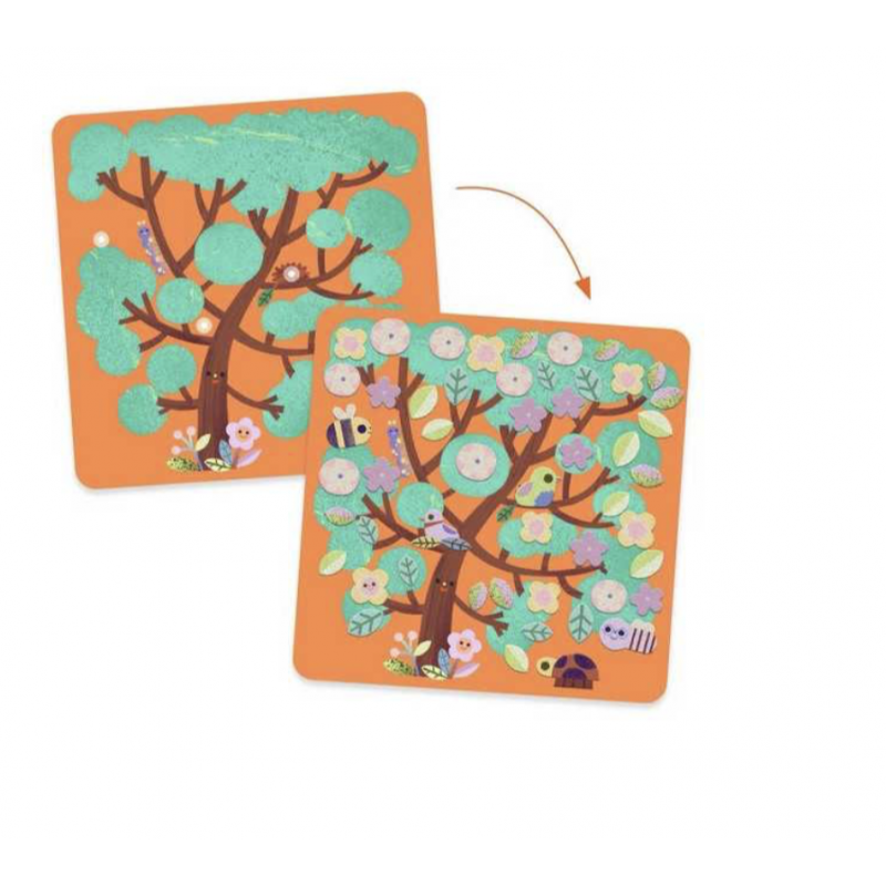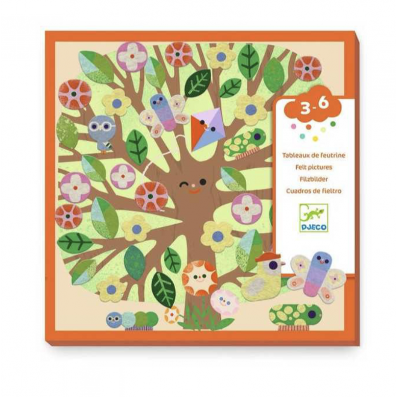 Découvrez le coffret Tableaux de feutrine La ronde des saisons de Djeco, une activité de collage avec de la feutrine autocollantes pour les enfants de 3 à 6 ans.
####
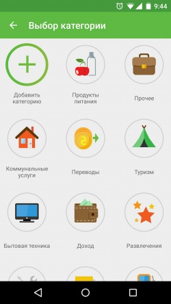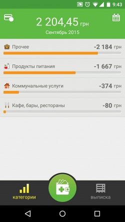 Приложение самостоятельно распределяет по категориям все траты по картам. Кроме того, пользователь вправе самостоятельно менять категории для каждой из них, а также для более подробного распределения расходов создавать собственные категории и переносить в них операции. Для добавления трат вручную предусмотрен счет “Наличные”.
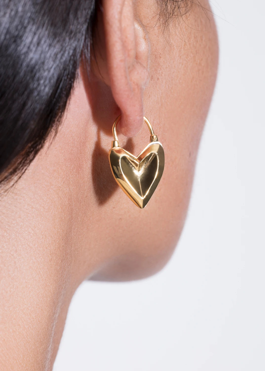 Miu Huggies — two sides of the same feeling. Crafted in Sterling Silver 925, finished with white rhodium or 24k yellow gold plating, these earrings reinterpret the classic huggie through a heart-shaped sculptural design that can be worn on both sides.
####
## Problem
Restate word for word every line from the one with "Приложение самостоятельно распределяет" up to and including the one with "Miu Huggies —" in the records above, minus the pictures.

## Result
 Приложение самостоятельно распределяет по категориям все траты по картам. Кроме того, пользователь вправе самостоятельно менять категории для каждой из них, а также для более подробного распределения расходов создавать собственные категории и переносить в них операции. Для добавления трат вручную предусмотрен счет “Наличные”.
 Miu Huggies — two sides of the same feeling. Crafted in Sterling Silver 925, finished with white rhodium or 24k yellow gold plating, these earrings reinterpret the classic huggie through a heart-shaped sculptural design that can be worn on both sides.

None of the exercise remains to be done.